November 17, 2022–June 25, 2023
In the year marking the 100th anniversary of the birth of Darcy Ribeiro (1922–1997), one of the main Brazilian intellectuals and civil servants active in the 20th century, Sesc São Paulo is revisiting his legacy and holding the exhibition Utopia brasileira—Darcy Ribeiro 100 anos (Brazilian Utopia—Darcy Ribeiro 100 Years), curated by Isa Grinspum Ferraz.
In a lecture he gave at Sorbonne University, in Paris, upon receiving an honorary doctor’s degree from that institution in 1979, Ribeiro stated: “I failed at everything I attempted in life. I tried to teach Brazilian children to read and write, I wasn’t able. I tried to save the Indians, I wasn’t able. I tried to make a serious university and failed. I tried to make Brazil develop autonomously and failed. But those failures are my victories. I would hate to be in the place of who defeated me.”
This statement denotes the humility, as well as the reach of the actions of this man who was one of Brazil’s greatest thinkers and who continues, yet today, to wield great influence on the intellectual production concerning the social formation of Brazil and Latin America—and its profound racial and demographic inequalities.
An ethnologist, writer, and educator, Ribeiro also served in government, in roles that included federal senator for Rio de Janeiro (1991–1997) and minister of education of Brazil (1962–1963).
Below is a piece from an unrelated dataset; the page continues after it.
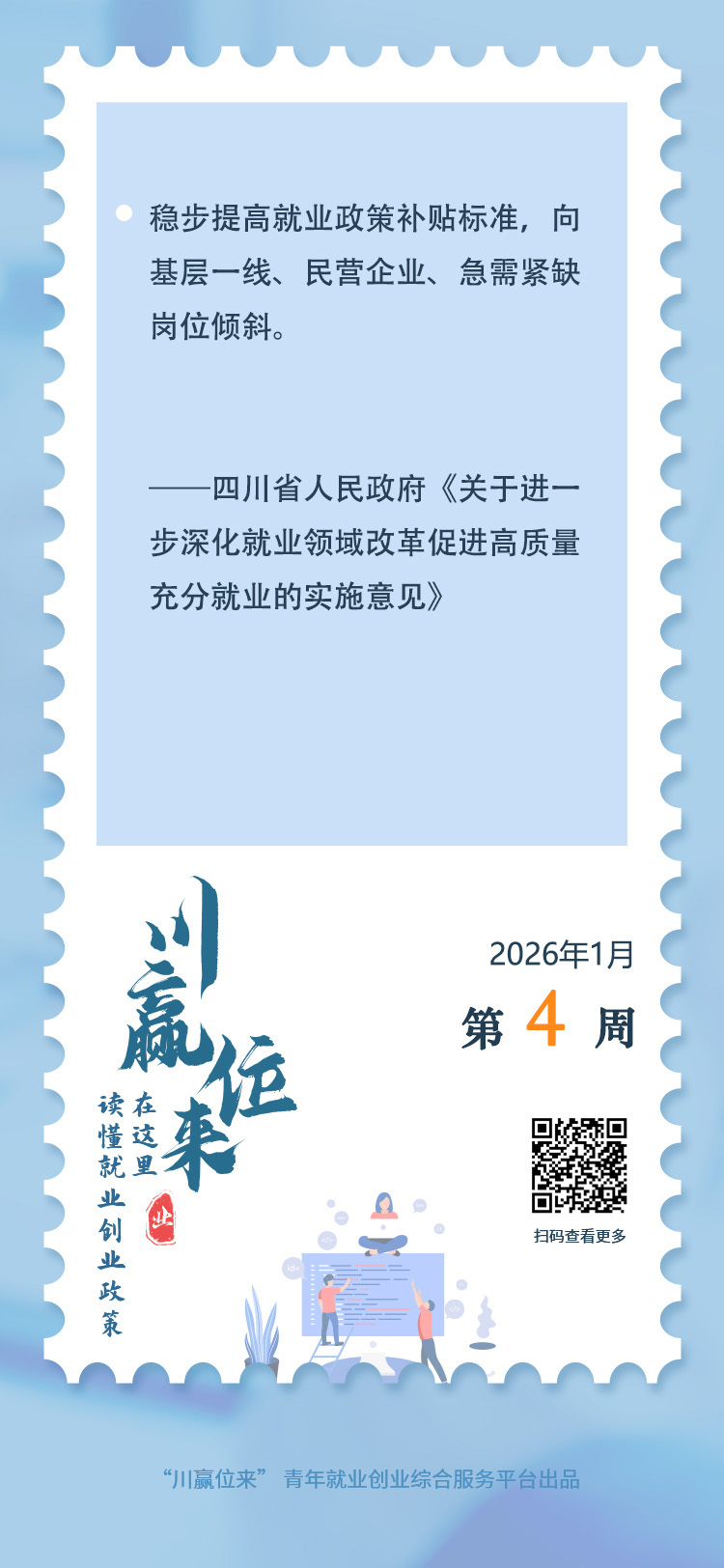 四川省人民政府日前出台的《关于进一步深化就业领域改革促进高质量充分就业的实施意见》明确提出,稳步提高就业政策补贴标准,向基层一线、民营企业、急需紧缺岗位倾斜。

He was furthermore the founder of University of Brasília (1962), an important public Brazilian university, and the creator of the Xingu National Park (today Xingu Indigenous Park), the largest demarcated indigenous territory in Brazil, which includes 14 ethnicities, besides having been responsible for the founding of other landmarks of cultural heritage, such as the Museu do Índio, the Memorial da América Latina, the Monumento ao Zumbi dos Palmares and the Sambódromo do Rio de Janeiro. Shown at Sesc 24 de Maio, this exhibition revisits Ribeiro’s intellectual and political legacy, based on a prospective approach, highlighting his activism in public education and in the protection of the indigenous peoples.
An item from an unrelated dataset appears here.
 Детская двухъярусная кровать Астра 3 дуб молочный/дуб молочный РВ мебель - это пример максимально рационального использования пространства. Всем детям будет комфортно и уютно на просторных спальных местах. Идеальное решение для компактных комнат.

A highlight in the exhibition is a large audiovisual installation that immerses the visitor in the kuarup for Darcy Ribeiro—a posthumous funereal ceremony held in the Xingu Indigenous Territory in 2012 and recorded by filmmaker Eryk Rocha. A kuarup is a ritual in homage to an illustrious deceased person, organized by various indigenous peoples in the Upper Xingu region, in a celebration with an important socializing and pacifying function, which culminates in festivities, dances and a fighting tournament between warriors. According to anthropologist Antonio Guerreiro, the kuarup is a fundamental element of the identity of the peoples of the Upper Xingu region, and in the context of the exhibition this setting represents the respect that the indigenous peoples of Xingu have for Ribeiro.
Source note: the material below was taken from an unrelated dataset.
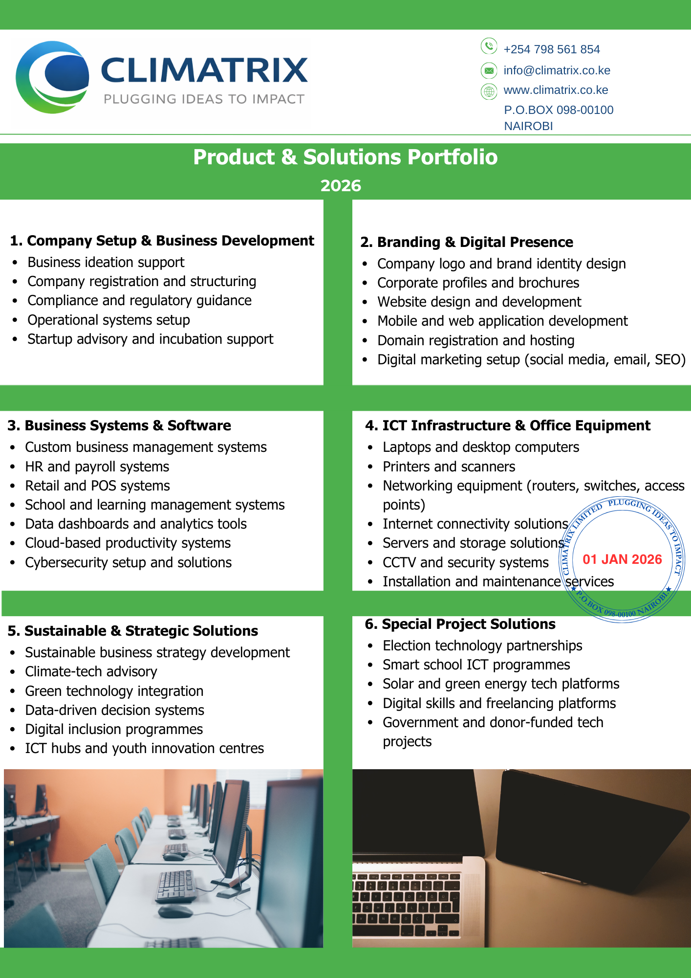 Our core services include digital skills training, climate and renewable energy solutions, data and technology platforms, and impact-driven project implementation.

Also on the perimeter of the exhibition space, the power of his reflection and his work will be presented from four facets that translate his legacy: the anthropologist, the educator, the politician and the essayist and thinker of Brazil. These nuclei will consist of videos, indigenous feathers collected by Darcy, photographs, objects, documents, literary works, unpublished original letters and a timeline.
Held in parallel to the exhibition there will be a program of courses, debates and lectures throughout the show’s run, which dialogue with Ribeiro’s life and work. These actions will be carried out by the political education group Coletivo 3palitos, which seeks the participation of youths and adults in institutional politics. The project’s educational aspect is also evinced in resources of accessibility, including a tactile floor and map, an audio guide with audio description, a video guide in Brazilian sign language with captions for the hearing impaired, as well as other tactile resources—such as reproductions of artworks—developed with the collaboration of people with disabilities.
The project is part of the set of actions carried out in a network at Sesc São Paulo, “Diversos 22: projetos, memórias, conexões” [Diverse 22: projects, memories, connections] which is related to the Centenary of the Modern Art Week of 1922 and the Bicentennial of Brazil’s Independence (1822), along with their possibilities for aesthetic, critical and historical reflection.